Rashi Writing
Until the mid-20th century, the use of Hebrew script in general, and Rashi in particular, was considered an integral part of Ladino (Judeo-Spanish). The Hebrew Rashi script (Rashi Script, כתב רש "י), also known as Sephardic script when handwritten, was developed by Sephardic Jews in Spain and the Arab countries. It owes its name to the acronym of the name of the rabbi and leading commentator on the Talmud, Ravi Solomon Ben Isaac (Troyes of France, 1040-1105).
It was an adaptation of the four-letter script, with variations from the Bible script. Its use was widespread. It was used in typography, in printed and interpretive texts, and in commentaries on the Torah and Talmud to distinguish it from the original text.
It flourished in Europe during the late Middle Ages and experienced a revival with the development of Hebrew printing in the 15th and 16th centuries. It was widely used in Hebrew publications in Italy, Spain and the Ottoman Empire, making it a basic writing system for commentaries on religious texts.

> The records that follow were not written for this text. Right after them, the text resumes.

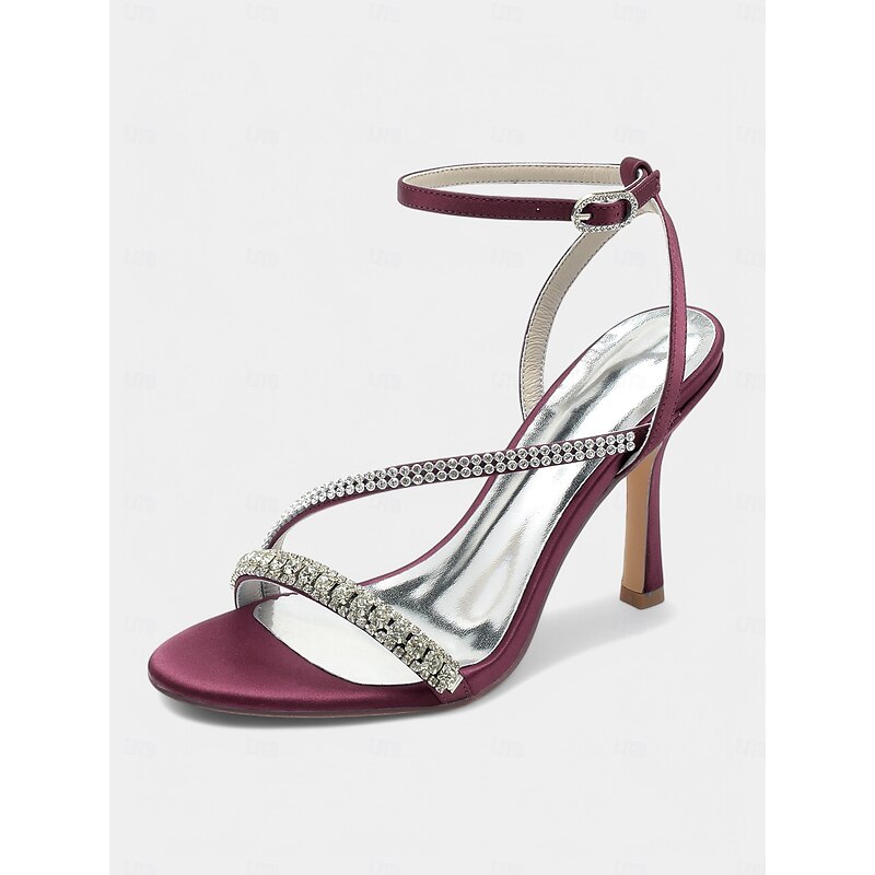 Champagne Satin Strappy Rhinestone Heels – Sophisticated Wedding & Evening Sandals for Women 19
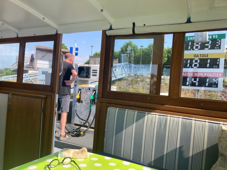 First task before we left the St Jean-de-Losne area was to fill up with diesel from the fuel pontoon. It is self service, or is when it works; note Stewart’s perplexed pose! But a reboot of the system by the tourist office and trying a different bank card soon had it sorted.
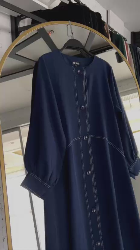 Pratik tasarımlı, kolları fırfırlı tesettür ferace (lacivert) 1327

Rashi is not just an ancient writing system, but an important vehicle of Jewish literary and religious tradition. Indicative of the value of this particular script is the opinion of Samuel Saadi Levy, a Ladino journalist in Thessaloniki (1904), that "The day that a single word of Judeo-Spanish is printed in a script other than Rashi or so-called square Hebrew, on that day our language will be dead and buried."
The Rashi writing system remains a valuable tool for the study of classical Hebrew texts and a symbol of the rabbinic hermeneutical tradition.